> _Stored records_
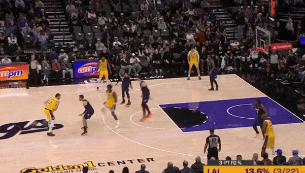 东契奇交球给詹姆斯再上前接其手递手回传完成“Get“配合后立即衔接和艾顿的挡拆配合,行进间将威少摆脱在身后面对沉退的雷诺,炸球急停后直接起抛投惩罚。
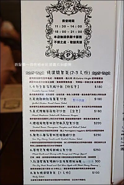 菜單有開胃菜、義大利麵、燉飯、飲品和酒單,點主餐可加價升級為套餐,不過套餐的飲料和甜點都不太吸引我們,所以選擇單點主餐,再加一道開胃菜一起分食,然後又有打卡送的沙拉,對女生來說其實很足夠。
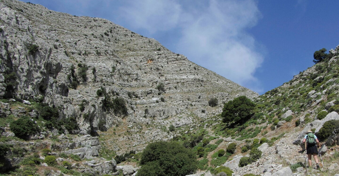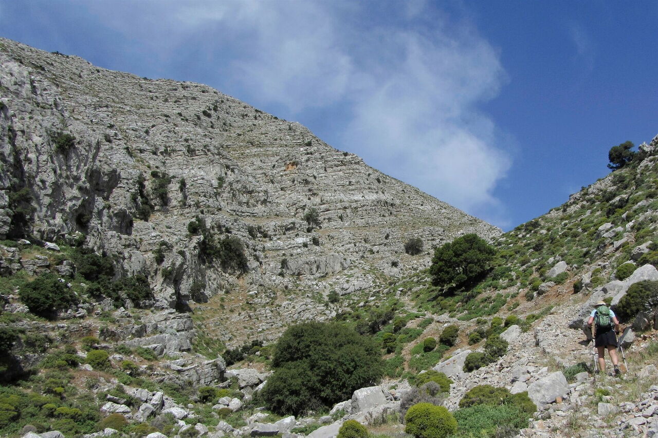 Die Besteigung des höchsten Berges der Insel, dem 1216 m hohen Attaviros, und der Abstieg durch einen Canyon prägen die aufregendste und anstrengendste Wanderung auf Rhodos. Dabei fängt alles so harmlos an: der Aufstieg durch eine Schlucht und über Bergrücken, vorbei an Windrädern und in Serpentinen bergauf bis zum aussichtsreichen Gipfel. Hier kann man sich noch entscheiden, ob man auf dem Hinweg zurückwandert oder durch das Flussbett des Canyons absteigt. Der Abstieg gestaltet sich chaotisch und anstrengend. Durch eine Steinwüste schlängelt sich der Canyon in etlichen Kehren gen Tal. Landschaftlich äußerst beeindruckend – rechts und links steigen imposant die Felswände auf –, fordert das Vorhaben unsere Kondition – wahrhaftig keine Genusswanderung. Trotzdem bleibt ein positives Resümee: die Natur in ihren schönsten Facetten.
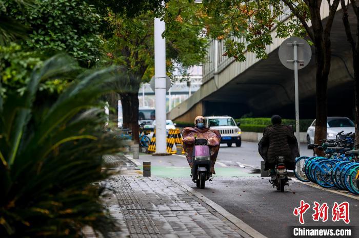 11月25日,市民在街頭出行。當(dāng)日,武漢受寒潮天氣影響,氣溫下降明顯。武漢市氣象臺24日18時27分發(fā)布寒潮藍(lán)色預(yù)警信號,受較強(qiáng)冷空氣影響,預(yù)計24日至26日,武漢最低氣溫降幅達(dá)7℃~9℃。中新社記者 張暢 攝
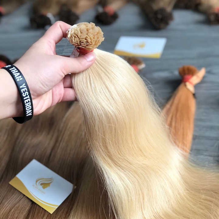 Extensions de cheveux crus alignés sur les cuticules de kératine italienne Cheveux raides de haute qualité de couleur claire Expédition dans le monde entier depuis le Vietnam

> _BRIEF_
Could you reproduce all of the data above exactly and skip any image?

> _TASK ANSWER_
 东契奇交球给詹姆斯再上前接其手递手回传完成“Get“配合后立即衔接和艾顿的挡拆配合,行进间将威少摆脱在身后面对沉退的雷诺,炸球急停后直接起抛投惩罚。
 菜單有開胃菜、義大利麵、燉飯、飲品和酒單,點主餐可加價升級為套餐,不過套餐的飲料和甜點都不太吸引我們,所以選擇單點主餐,再加一道開胃菜一起分食,然後又有打卡送的沙拉,對女生來說其實很足夠。
 Die Besteigung des höchsten Berges der Insel, dem 1216 m hohen Attaviros, und der Abstieg durch einen Canyon prägen die aufregendste und anstrengendste Wanderung auf Rhodos. Dabei fängt alles so harmlos an: der Aufstieg durch eine Schlucht und über Bergrücken, vorbei an Windrädern und in Serpentinen bergauf bis zum aussichtsreichen Gipfel. Hier kann man sich noch entscheiden, ob man auf dem Hinweg zurückwandert oder durch das Flussbett des Canyons absteigt. Der Abstieg gestaltet sich chaotisch und anstrengend. Durch eine Steinwüste schlängelt sich der Canyon in etlichen Kehren gen Tal. Landschaftlich äußerst beeindruckend – rechts und links steigen imposant die Felswände auf –, fordert das Vorhaben unsere Kondition – wahrhaftig keine Genusswanderung. Trotzdem bleibt ein positives Resümee: die Natur in ihren schönsten Facetten.
 11月25日,市民在街頭出行。當(dāng)日,武漢受寒潮天氣影響,氣溫下降明顯。武漢市氣象臺24日18時27分發(fā)布寒潮藍(lán)色預(yù)警信號,受較強(qiáng)冷空氣影響,預(yù)計24日至26日,武漢最低氣溫降幅達(dá)7℃~9℃。中新社記者 張暢 攝
 Extensions de cheveux crus alignés sur les cuticules de kératine italienne Cheveux raides de haute qualité de couleur claire Expédition dans le monde entier depuis le Vietnam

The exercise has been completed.